Problem to solve → Transcribe all of the data exactly. Omit the pictures.

Exercise data →
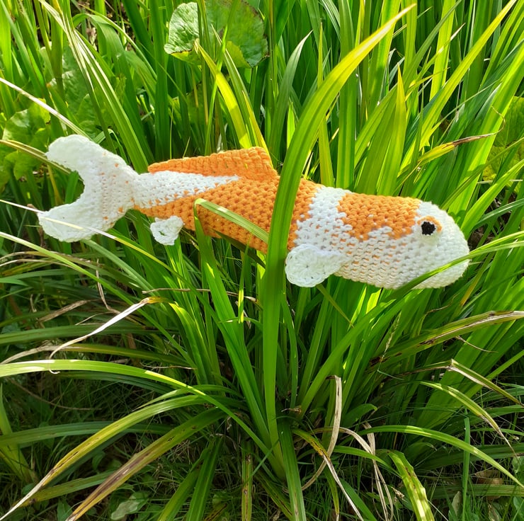 This large goldfish is crocheted in cotton and a cotton blend yarn and filled with polyester stuffing. It measures approximately 37 cm in length. A hanging loop can be added so that it can float freely in the air!
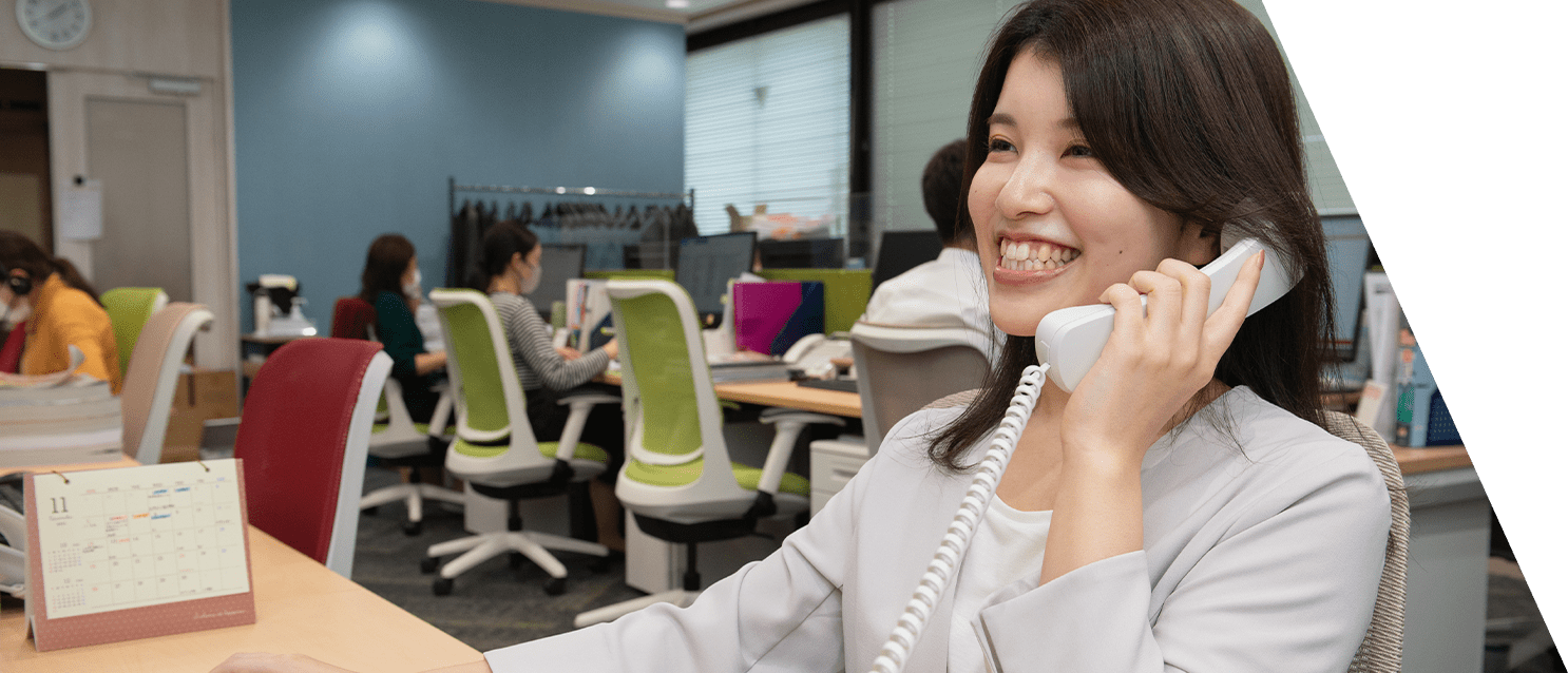 お客様からの悩みや相談について、商品・販売・サポートといった専門的な知識を持って対応します。
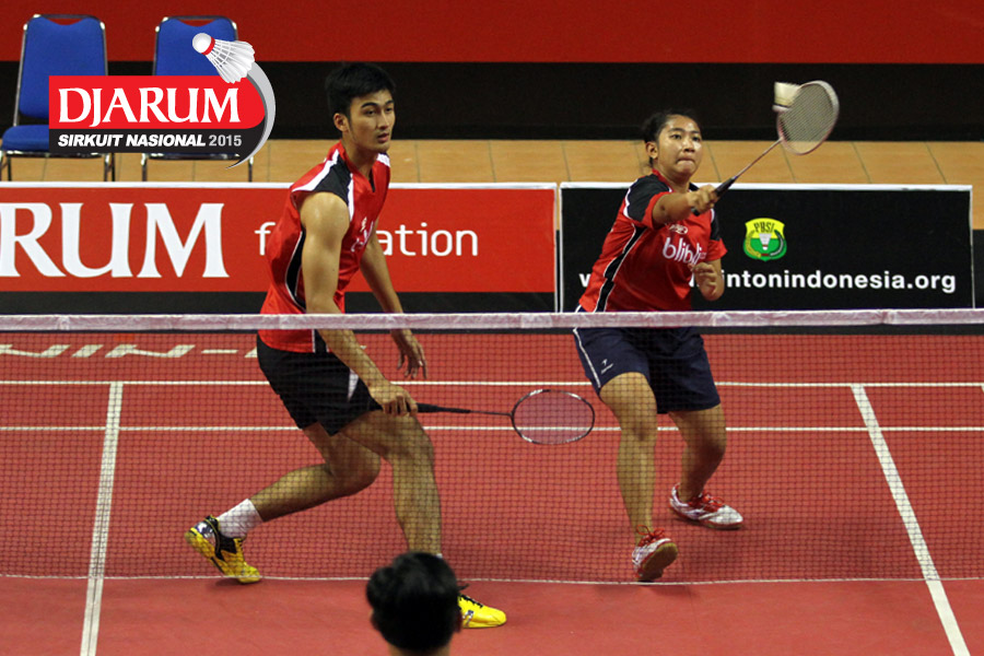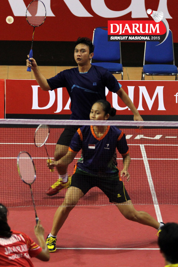 Rendra Wijaya/Meiliana Jauhari (Djarum Kudus) menghadang serangan dari Rizko Azuro/Febby Angguni (Guna Dharma/Tjakrindo Masters)
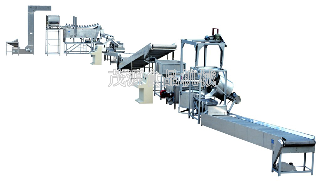 花生米自動油炸生產線的主要設備:提升機、燙漬機、脫皮機、揀選帶、晾干帶、油炸機、脫油機、拌料機。

Task result →
 This large goldfish is crocheted in cotton and a cotton blend yarn and filled with polyester stuffing. It measures approximately 37 cm in length. A hanging loop can be added so that it can float freely in the air!
 お客様からの悩みや相談について、商品・販売・サポートといった専門的な知識を持って対応します。
 Rendra Wijaya/Meiliana Jauhari (Djarum Kudus) menghadang serangan dari Rizko Azuro/Febby Angguni (Guna Dharma/Tjakrindo Masters)
 花生米自動油炸生產線的主要設備:提升機、燙漬機、脫皮機、揀選帶、晾干帶、油炸機、脫油機、拌料機。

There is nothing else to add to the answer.